In conclusion, we documented lower serum concentrations of retinol and α‐tocopherol in dogs with EPI and lower serum α‐tocopherol concentrations in dogs with sEPI despite PERT, relative to healthy dogs also receiving pancreatic enzymes. In addition, dogs with persistent weight loss had lower serum 25OHD concentrations than dogs with a stable weight. These findings could be because of long‐term dietary fat malabsorption that is refractory to PERT. It is also plausible that altered systemic metabolism could contribute to the lower concentrations of lipid‐soluble vitamins in this population of dogs with EPI. The factors governing tissue‐level metabolism of lipid‐soluble vitamins are not well understood and more research will be required to determine the clinical relevance of these findings. Additional studies to investigate the role of vitamins A and D in the pathophysiology of EPI and other conditions associated with dietary fat malabsorption are warranted. The therapeutic potential of supplemental dietary vitamins A, D, and E in dogs with deficiencies of these vitamins should be assessed in randomized, placebo‐controlled clinical trials.
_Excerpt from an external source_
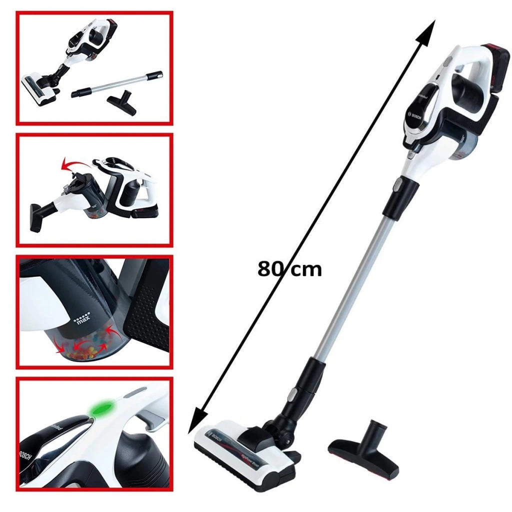 Gerçekçi görünümlü harika bir oyuncak Elektrik Süpürgesi Bosch Sınırsız Elektrikli Süpürge ile tüm bu tozları temizlemeye hazır olun!
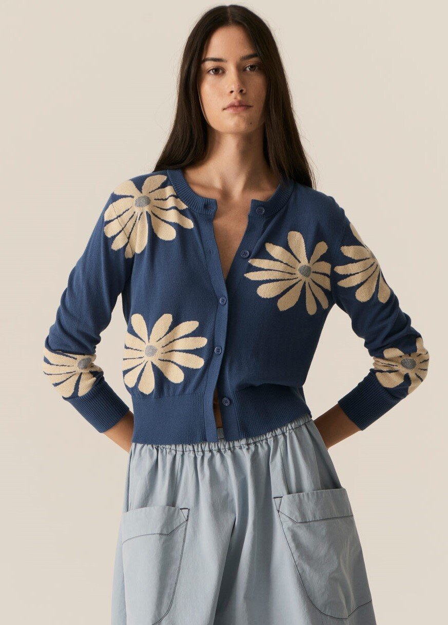 Add some playfulness to your Spring wardrobe with our Lask Daisy Cardigan! Made from our lightweight cotton yarn, the Lask features contrast Daisy intarsia with a lurex centre.

CONFLICT OF INTEREST DECLARATION

The authors receive research funding from Nestle‐Purina, a corporation that manufactures pet feed and probiotic supplements. Additionally, the authors have received financial gifts for research and travel to a continuing education event from Epi4Dogs Inc., a nonprofit charity that supports EPI advocacy and research. The pancreatic enzyme supplement used in this study was donated by http://enzymediane.com, an e‐commerce resource for pancreatic enzyme supplements. One of the authors (DAW) is an advisory board member for Nestle Purina Pet Care and a consultant with the Texas A&M GI Laboratory and IDEXX Inc. This same author holds patents and receives royalties for the canine and feline pancreatic lipase assays. None of the above entities were involved in the design of this study or in the interpretation of these findings.